*INSTRUCTIONS TO FOLLOW*: Below are some entries. Return exactly the lines from the one with "Am Sonntag habe" through the final line, leaving out any pictures.

*LISTED RECORDS*:
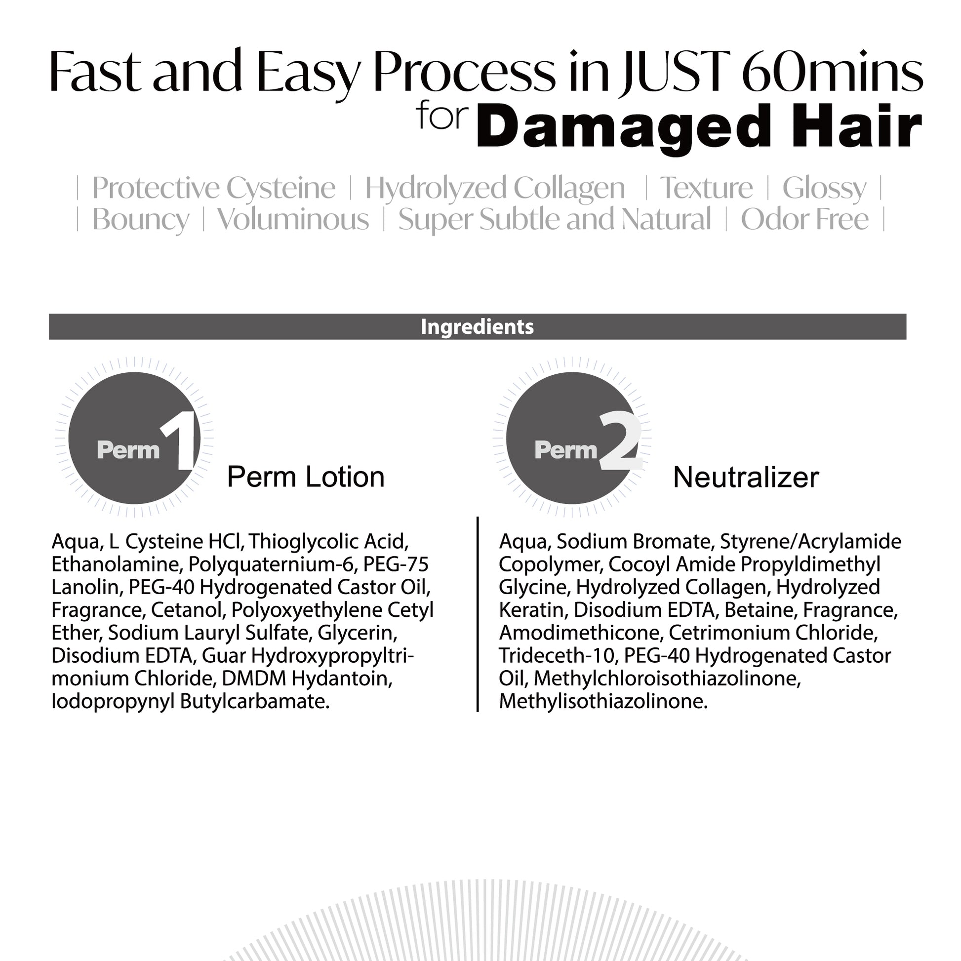 水、L-半胱胺酸鹽酸鹽、巰基乙酸、乙醇胺、聚季銨鹽-6、PEG-75羊毛脂、PEG-40氫化蓖麻油、香精、鯨蠟醇、聚氧乙烯鯨蠟基醚、月桂醇硫酸鈉、甘油、乙二胺四甲鈉、瓜爾膠羥丙基三甲基銨銨、DMDM乙內醯基烷炔、碘丙基三甲基銨酸酯。
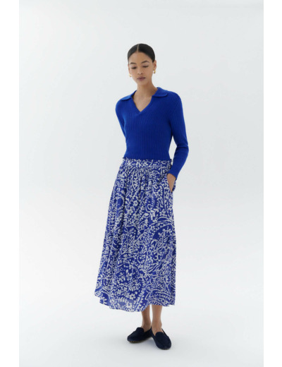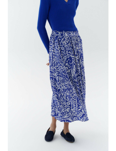 Composée à 100% de viscose pour un fin lisse et soyeux, la jupe midi jiam présente une coupe fluide et se pare d'un motif cachemire. - Taille élastiquée - Poches italiennes - Longueur, 85 cm pour une taille S - Doublure 100 % viscose
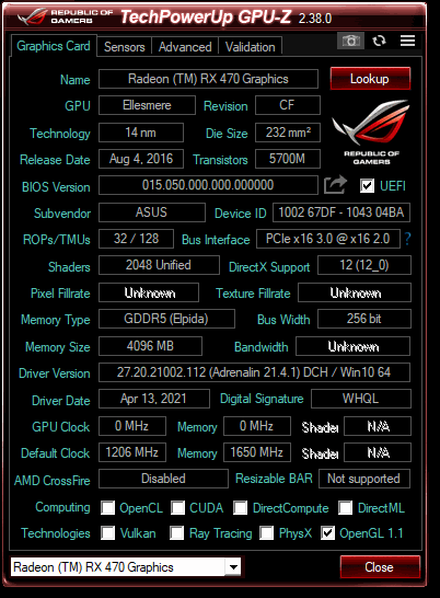 Am Sonntag habe ich mir eine gebrauchte ROG Strix RX470, 4 GB gekauft (bei den momentanen Preisen wollte ich nichts moderneres, dachte, für Skyrim sollte es schon ausreichen) und in den PCIe-Slot geklemmt. Seit dem (jetzt ist Dienstagnachmittag) bin ich mit der blöden Karte beschäftigt.
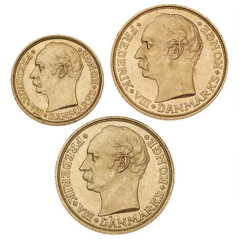 2545/515920 kr 1910 VBP, 1911 VBP, H 1, F 297, 10 kr 1909 VBP, H 2, F 298, in total 3 pcs
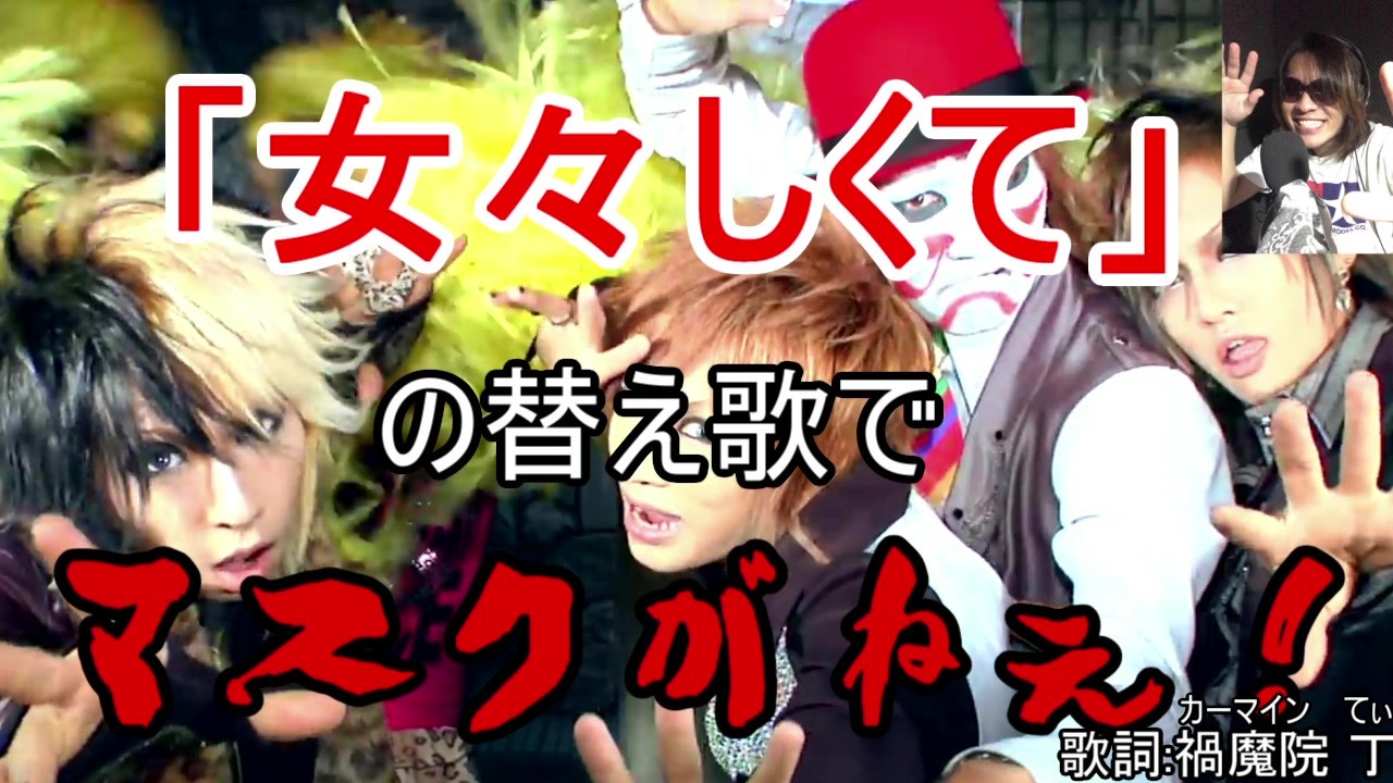 <span style="color: rgba(0, 0, 0, 0.87); font-size: 15px;">どうも初めまして、禍魔院 丁(カーマイン てぃ)です。<br>そして鬼龍院さん、ごめんなさい□♂️<br>大変なご時世ですが、この動画を見て少しでも笑ってもらえたら幸いです。<br><br>先日、ゴールデンボンバーの鬼龍院 翔さんが<br>つい最近有名になった「女々しくて」の替え歌に触発されたのか、「マスクがねぇ」と短いセルフ替え歌をしていたので<br>勝手にフルバージョンを頑張って作ってみました。<br><br><br>歌は下手なのでご了承ください□♂️<br><br>皆もマスクに限らず、買い占め・転売はやめようね!</span><br><br>Youtube→<a href="https://www.youtube.com/watch?v=tCB1WULEhgs" target="_blank" rel="noopener nofollow">https://www.youtube.com/watch?v=tCB1WULEhgs</a><br><span style="color: rgba(0, 0, 0, 0.87); font-size: 15px;">T.カーマインのTwitterアカウント→ <a href="https://twitter.com/Godmine01" target="_blank" rel="noopener nofollow">https://twitter.com/Godmine01</a></span>

*REPLY TO THE EXERCISE*:
 Am Sonntag habe ich mir eine gebrauchte ROG Strix RX470, 4 GB gekauft (bei den momentanen Preisen wollte ich nichts moderneres, dachte, für Skyrim sollte es schon ausreichen) und in den PCIe-Slot geklemmt. Seit dem (jetzt ist Dienstagnachmittag) bin ich mit der blöden Karte beschäftigt.
 2545/515920 kr 1910 VBP, 1911 VBP, H 1, F 297, 10 kr 1909 VBP, H 2, F 298, in total 3 pcs
 <span style="color: rgba(0, 0, 0, 0.87); font-size: 15px;">どうも初めまして、禍魔院 丁(カーマイン てぃ)です。<br>そして鬼龍院さん、ごめんなさい□♂️<br>大変なご時世ですが、この動画を見て少しでも笑ってもらえたら幸いです。<br><br>先日、ゴールデンボンバーの鬼龍院 翔さんが<br>つい最近有名になった「女々しくて」の替え歌に触発されたのか、「マスクがねぇ」と短いセルフ替え歌をしていたので<br>勝手にフルバージョンを頑張って作ってみました。<br><br><br>歌は下手なのでご了承ください□♂️<br><br>皆もマスクに限らず、買い占め・転売はやめようね!</span><br><br>Youtube→<a href="https://www.youtube.com/watch?v=tCB1WULEhgs" target="_blank" rel="noopener nofollow">https://www.youtube.com/watch?v=tCB1WULEhgs</a><br><span style="color: rgba(0, 0, 0, 0.87); font-size: 15px;">T.カーマインのTwitterアカウント→ <a href="https://twitter.com/Godmine01" target="_blank" rel="noopener nofollow">https://twitter.com/Godmine01</a></span>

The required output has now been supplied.